While the two countries appeared to be on the same page vis-à-vis extending APTTA to Central Asia — thereby unleashing the soft power latent in these two countries in the words of Pakistan Foreign Minister Hina Rabbani Khar — both capitals varied in levels of enthusiasm towards an SPA.
Briefing mediapersons about her meeting with Afghan Foreign Minister Zalmai Rassoul at a joint press conference, Ms. Khar said the two sides exchanged drafts for SPA, adding later during the question and answer round that Pakistan was keen to have such an agreement in place as soon as possible. “We have started the journey,” she said. Her Afghan counterpart added that the SPA cannot be signed without full trust between the two countries and “these discussions are aimed at paving the way” for that.
Maintaining that Kabul was the most important capital for Islamabad, Ms. Khar sought to dismiss concerns within the international community about Pakistan’s “designs” on Afghanistan. “Pakistan can only be a facilitator”, she said while dwelling on the peace process, adding that Islamabad had no favourites for post-2014 Kabul.

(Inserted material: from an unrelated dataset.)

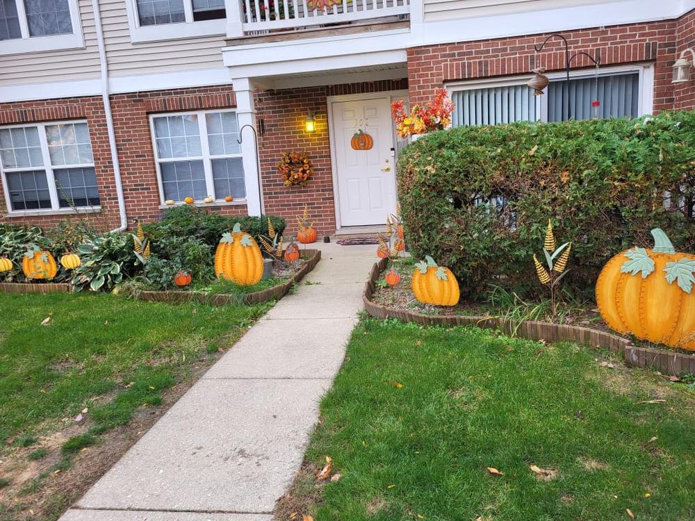 This charming 22in. metal pumpkin yard pick captures the essence of the harvest season with its warm orange color and Homespun Harvest decort theme. Its playful pumpkin design instantly brings a smile to your face, reminding you of cozy autumn days.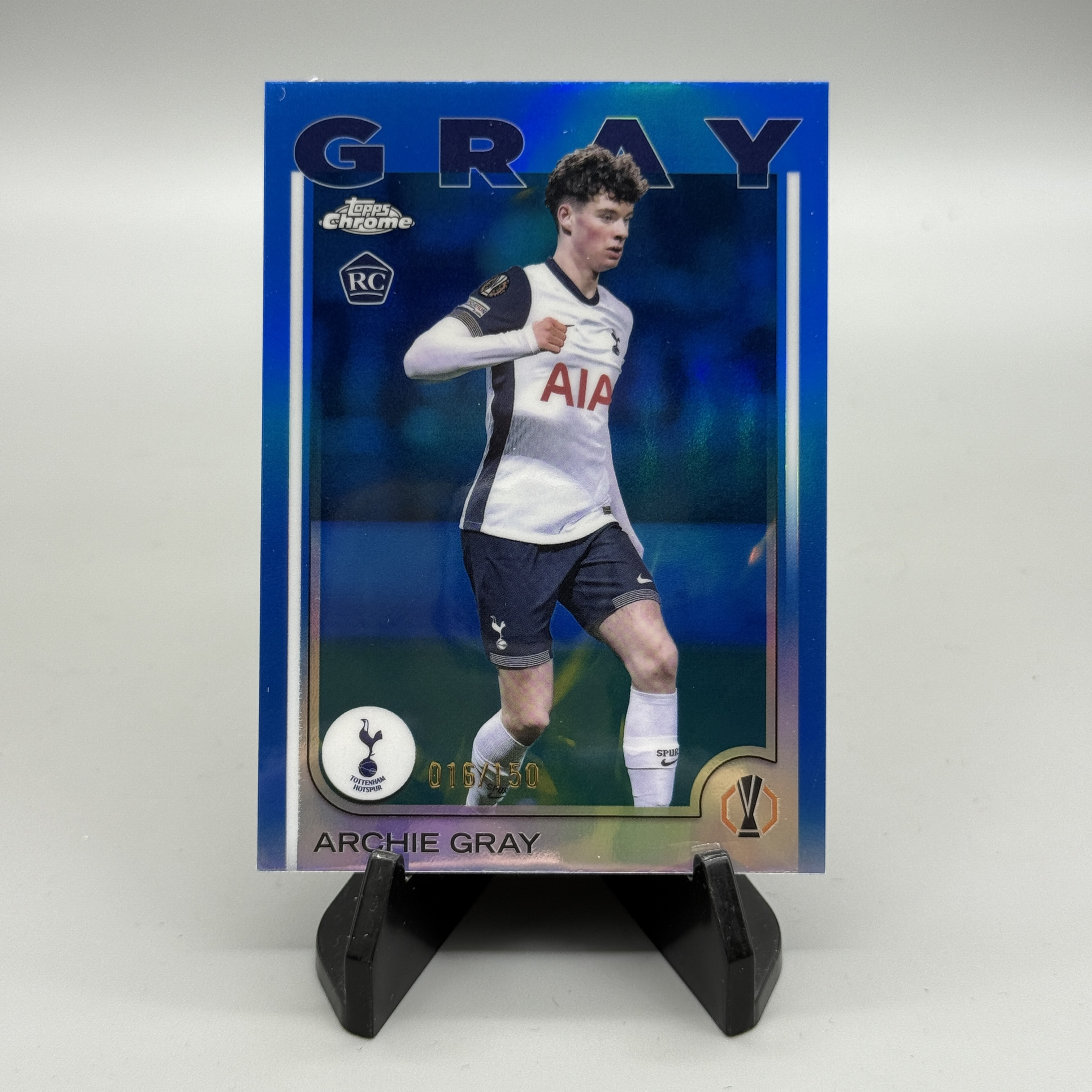 2024-25 Topps Chrome Archie Gray RC 欧冠欧战TC 阿奇 格雷 新秀 热刺 蓝折 016/150编 收藏必备 微瑕 卡品如图 白胖子 【UD拍卖】

Mr. Rassoul said Afghanistan wanted all the Afghan Taliban members to return and play their role in its reconstruction but underlined the importance for working within the constitutional framework. As for the peace process, he pointed out that it was easier to start a war than usher in peace afterwards. Referring to the release of some middle-level Taliban detainees by Pakistan earlier this month, he said this alone would not lead to peace. “We need the support of all our allies in the peace process. Issues like the Qatar process or the release of prisoners are just technical matters.”
About shelling from the Kunar and Nuristan provinces in Afghanistan into Pakistan, he said they had reduced in recent weeks and that he was hopeful of being able to fully address the issue soon. For her part, Ms. Khar said incursions and shelling were twin issues and had to be addressed jointly. “These are complexities on the ground that are a threat to both countries. It is not an ‘us and them’ issue.”